ちなみに、私もラディウス・ファイブに入ってから知ったのですが、この「手の届く範囲」には、自分たち社員も含まれていて、「こういう課題があるから解決したい」と提案すると、割とすんなり受け入れてもらえることも多いです。実は私自身、趣味でイラストや漫画を描くこともあり、「copainter」も、ある意味でユーザー目線から立ち上げたサービスでもあるんです。

——なるほど。だからこそ「copainter」では描き手の「あったらいいな」が実現されているわけなんですね。改めて、開発者の東さんから「copainter」とはどういったサービスなのかを教えていただけますか。

東氏:AIによる創作支援によって使い手の想像力を加速させる、というのが「copainter」のテーマです。人がもともと持っている想像力やクリエイティブを発揮するためのサポートを、AIによってお手伝いするというところですね。主な機能としては、ペン入れといってラフ画を綺麗な線画に整えたり、線画への下塗りや、仕上げの着彩などが行えます。

——実際にどういった方々に使われているのでしょうか?

東氏:趣味でイラストを描かれる方や、漫画を描いている方ですね。特に漫画家さんについては実際の作品のここに活用した!などメッセージを直接もらうことも度々あったりします。実は「copainter」より以前、写真を線画に変換して背景として使えるようにするという「SketchEdge」という個人サービスをやっていたことがあるのですが、その時も漫画家さんからお声をいただくことが多かった印象です。海外ユーザーもいますが、やはり国内需要が圧倒的に大きくウケがいいと思います。

よりシンプルに、より幅広く使える「copainter」を目指す

——AIを駆使したペインティングツールは競合が多い分野だと思います。そのなかで、「copainter」の強みはどこにあると思いますか?

東氏:絵を描く目線に立ってツールを作っている点でしょうか。絵を描こうとした時に、ただAIイラストを出力されても意図したものと違うことがほとんどですし、レイヤーも分かれてないので修正が難しいんですよね。

また、私自身も趣味で少し絵を描くため書き手としての多少の知識はありますし、周りのクリエイターとも積極的に交流を図りながら、使い手目線でUIやツールの開発を行っていることも特徴があると考えています。AIって、いきなり渡されてもどう使うのか、何ができるのかって、結構わからないものなんですよね。そこをなるべくクリエイターに寄り添って、分かりやすく提示しているという点も強みと言えるのではないでしょうか。

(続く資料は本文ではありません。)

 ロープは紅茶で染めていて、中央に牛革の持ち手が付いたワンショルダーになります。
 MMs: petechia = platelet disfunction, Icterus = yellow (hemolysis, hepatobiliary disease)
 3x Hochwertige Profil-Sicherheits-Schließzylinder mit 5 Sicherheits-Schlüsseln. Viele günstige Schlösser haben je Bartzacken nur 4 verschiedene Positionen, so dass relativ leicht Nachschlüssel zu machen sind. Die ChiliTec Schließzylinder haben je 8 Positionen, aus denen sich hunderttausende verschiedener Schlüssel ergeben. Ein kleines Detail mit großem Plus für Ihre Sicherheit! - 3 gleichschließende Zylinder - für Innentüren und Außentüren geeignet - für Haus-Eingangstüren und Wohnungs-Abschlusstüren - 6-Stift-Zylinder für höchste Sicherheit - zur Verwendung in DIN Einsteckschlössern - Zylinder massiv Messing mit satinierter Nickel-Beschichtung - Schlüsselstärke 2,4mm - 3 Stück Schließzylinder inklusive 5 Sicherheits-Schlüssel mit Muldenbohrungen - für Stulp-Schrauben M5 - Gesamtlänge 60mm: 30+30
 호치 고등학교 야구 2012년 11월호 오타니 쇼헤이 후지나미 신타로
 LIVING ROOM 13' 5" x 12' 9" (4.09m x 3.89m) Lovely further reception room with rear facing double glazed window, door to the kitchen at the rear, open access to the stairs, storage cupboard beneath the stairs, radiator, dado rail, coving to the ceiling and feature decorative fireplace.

——東さん自身がユーザー目線を持っているからこそ、サービスの開発の中で大切にしていることはありますか?

東氏:やはり大事にしたいのは、あくまで「人間が描きたいものをどうサポートするか」というところです。自分が作りたいものをどうサポートしてくれるかというところに、軸を常に置いています。あとは大前提として、実用性がちゃんとあるかどうかを見極めることです。昨今、生成AIというだけでインパクトもあり話題にしてもらえますが、蓋を開けてみると全然使われていないサービスというのも、実はとても多いんですね。そこには“現場目線”が足りていないと思っていて、性能面はもちろん、UI、UXの面でもちゃんとこだわりながら、本当の意味で実用性のあるものを作ろうと思っています。

——UI、UXへのこだわりは製品からも感じられる部分です。専門家が開発チームにいらっしゃったりするのでしょうか?

東氏:そこに関してはかなり手探りな部分が多くて、見た目の部分こそデザイナーにお任せしていますが、UI、UXは地道な試行錯誤なんです。設定項目がたくさんあっても、この数値がどう働くのかっていうのはユーザーにはほとんど分からない部分。その反面、設定項目が少なすぎると思い通りのものが生成されないことになってしまうので、必要最低限のシンプルな形を模索して、初めて使う人でも扱えるようにするというのは意識しています。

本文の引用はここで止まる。